## Exercise requirements:
Print only the lines from the one with "成分:蔗糖、葡萄糖、純水、UMF®10+麥蘆卡蜂蜜、黑膠、黑加侖汁。" through the end of the data, exactly, and please omit pictures.

## Entries provided:
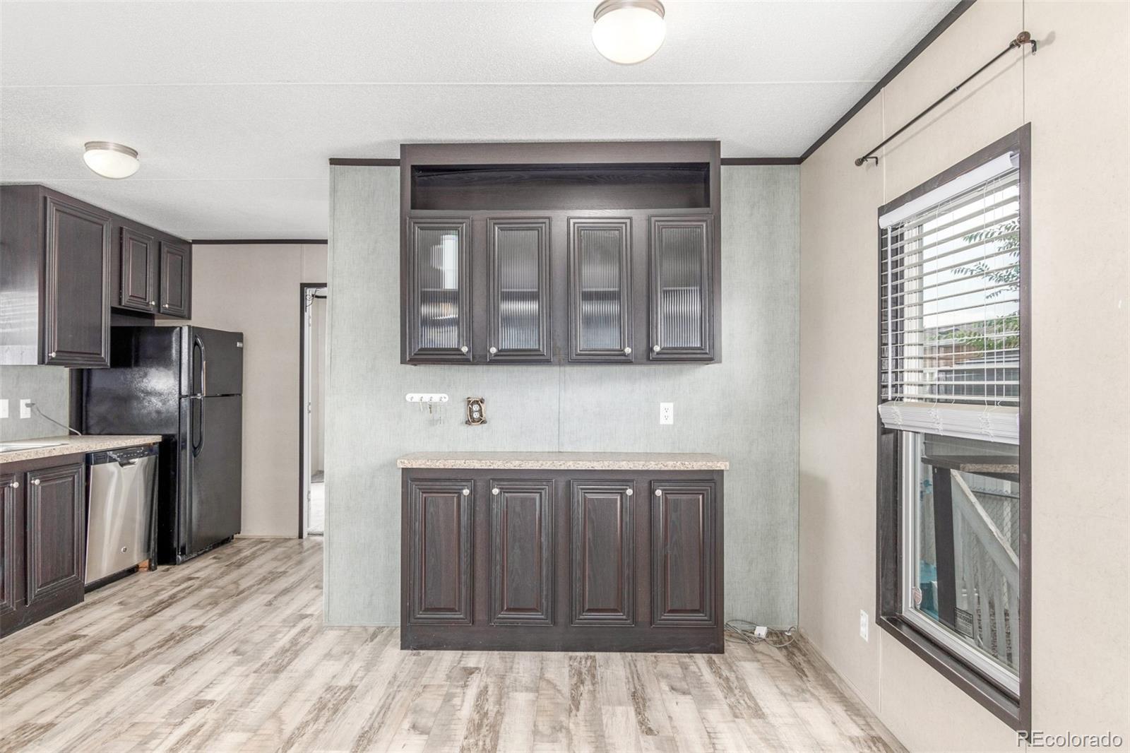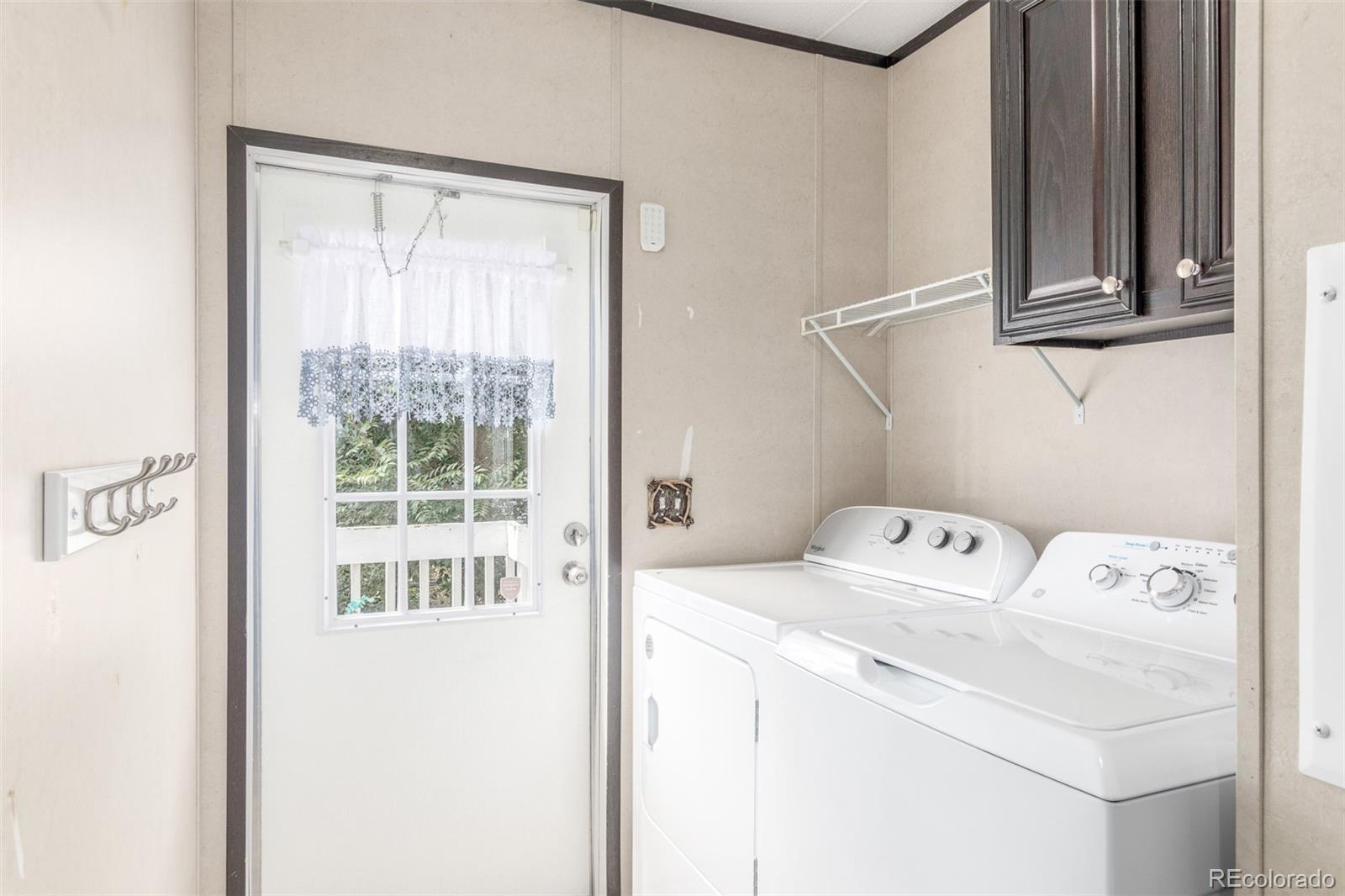 Welcome to this charming and updated 3-bedroom, 2-bath home in the highly desirable Golden Terrace community! This move-in ready home features fresh modern finishes, a bright and open layout, and a great location in the heart of Golden. Step inside to a spacious living area with abundant natural light, neutral tones, and updated flooring that flows throughout. The kitchen is well-appointed with dark cabinetry, newer appliances including a gas range and dishwasher, and plenty of counter space—perfect for everyday living and entertaining. The dining area connects seamlessly, offering room for gatherings and meals. The primary suite provides a comfortable retreat with a large closet and private en suite bath. The second bedroom is on the opposite side of the home making this an ideal layout. A dedicated laundry area with included washer and dryer adds extra convenience. Get ready to fall in love with the foot hill view! Outside, enjoy a yard with mature trees, garden beds, and a storage shed. Additional highlights include a covered carport for parking, central A/C, and low-maintenance landscaping. Divinely located in the Golden foothills, you’ll love being close to trails, parks, dining, shopping, and easy highway access for both mountain adventures and quick commutes into Denver. Enjoy your community amenities including 2 swimming pools, 2 clubhouses, billiards room, game room and picnic area. Bonus, RV Storage! Divinely located in the foothills with quick access to the front range for hiking or visiting the nearby Colorado Mills Mall area, dining and enjoying mountain views, this home blends comfort, charm, and convenience! Approximately 2 miles to Golden Light Rail station.
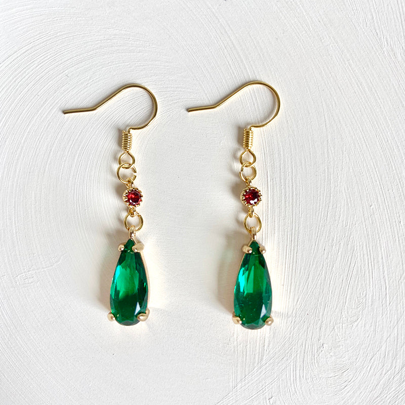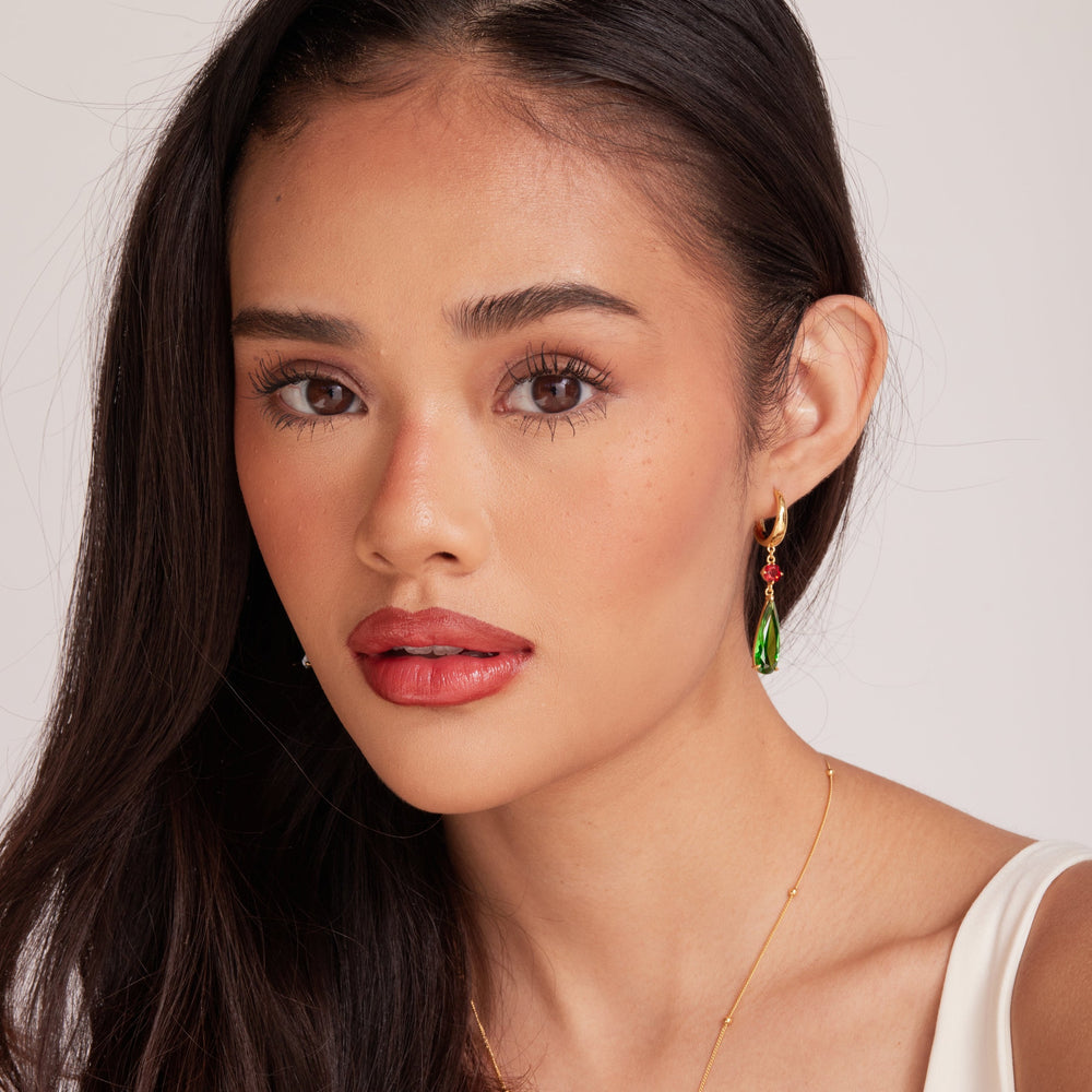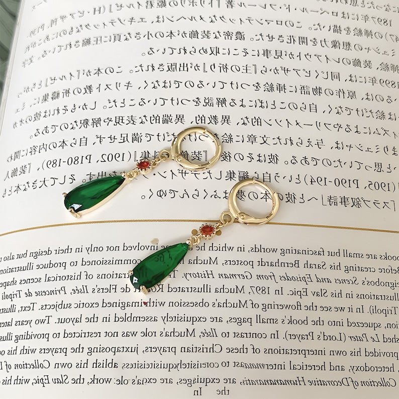 Deze oorbellen vangen de essentie van Howl's on-screen elegantie. De diepgroene zirkonia kristallen, gevormd tot dramatische traanvormige druppels, weerspiegelen de schoonheid van koninklijke juwelen. Hangend in een ring van goud voegt een scharlakenrode rondgeslepen kristal een vleugje drama toe. Deze juwelen hangen veilig aan knuffel-stijl hoepel oorbellen, waardoor zowel authenticiteit en comfort voor de gevoelige huid.
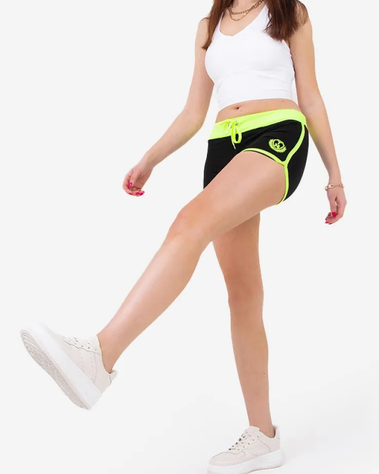 - Bardzo wygodne, krótkie spodenki wykonane z miękkiej, przyjemnej tkaniny. Model z elastyczną gumką i wiązanymi troczkami w pasie. Spodenki posiadają neonowe wstawki oraz stylowe naszywki.
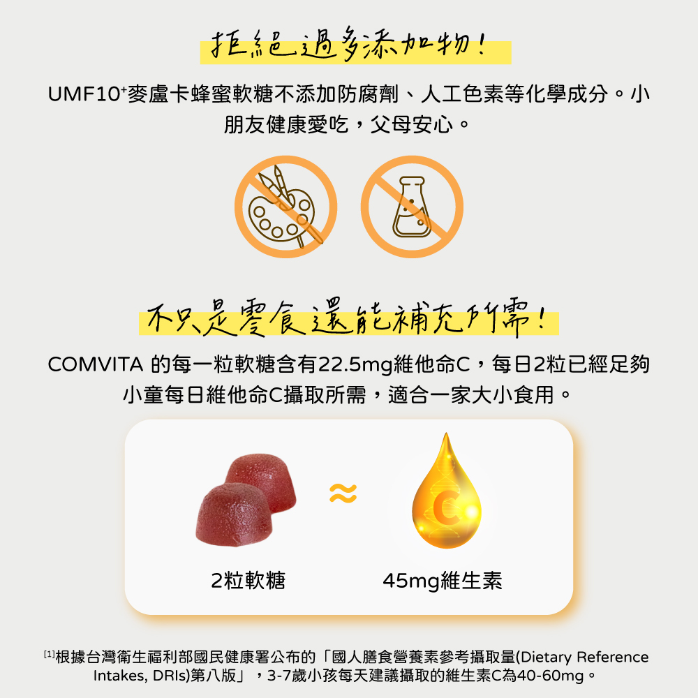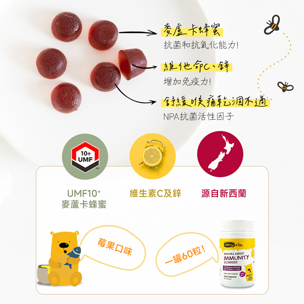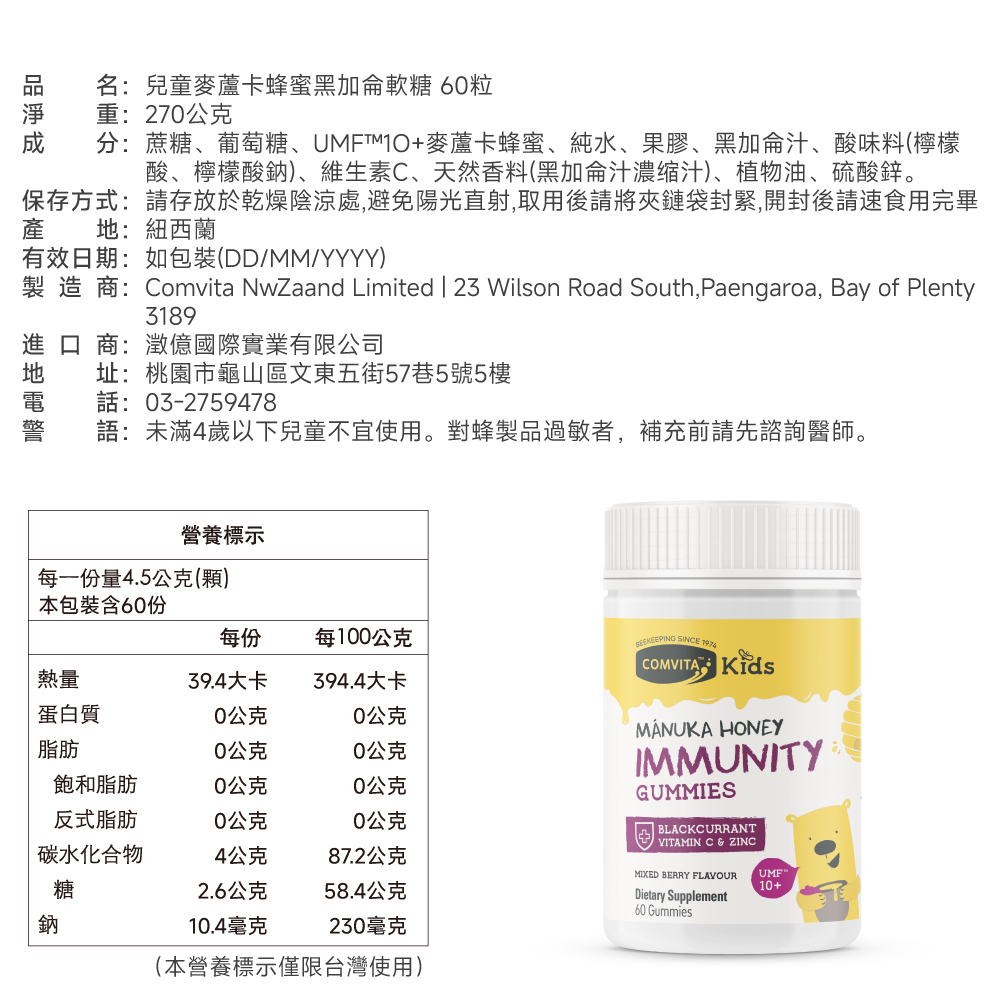 成分:蔗糖、葡萄糖、純水、UMF®10+麥蘆卡蜂蜜、黑膠、黑加侖汁。
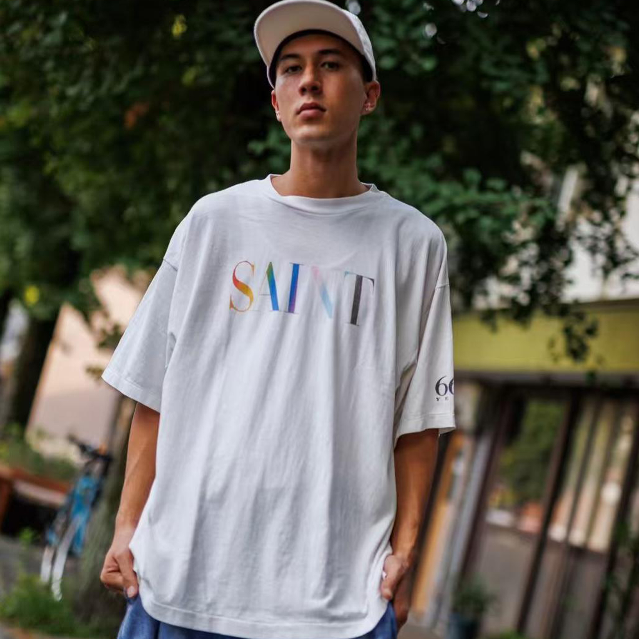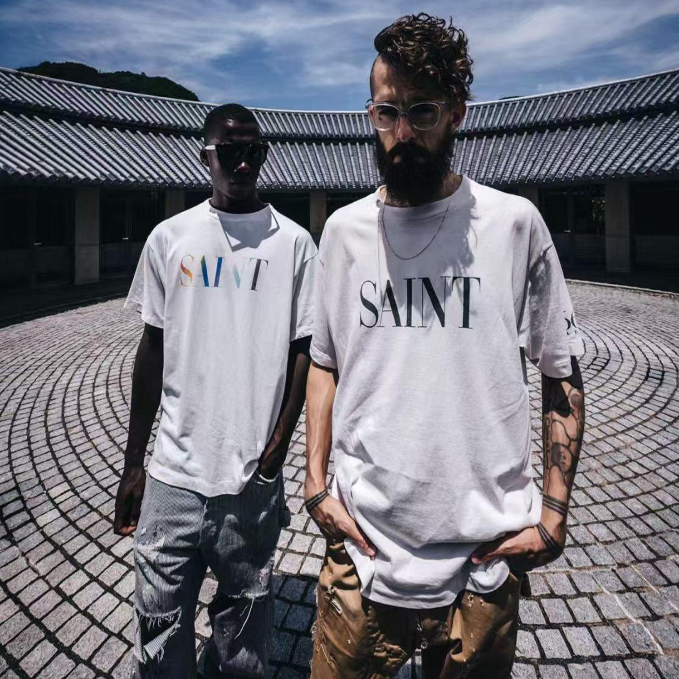 NIGO Saint Michael Men's Summer Graffiti Letter Print Casual Retro Solid Color Short Sleeve T-Shirt Ngvp #nigo1835

## Your solution:
 成分:蔗糖、葡萄糖、純水、UMF®10+麥蘆卡蜂蜜、黑膠、黑加侖汁。
 NIGO Saint Michael Men's Summer Graffiti Letter Print Casual Retro Solid Color Short Sleeve T-Shirt Ngvp #nigo1835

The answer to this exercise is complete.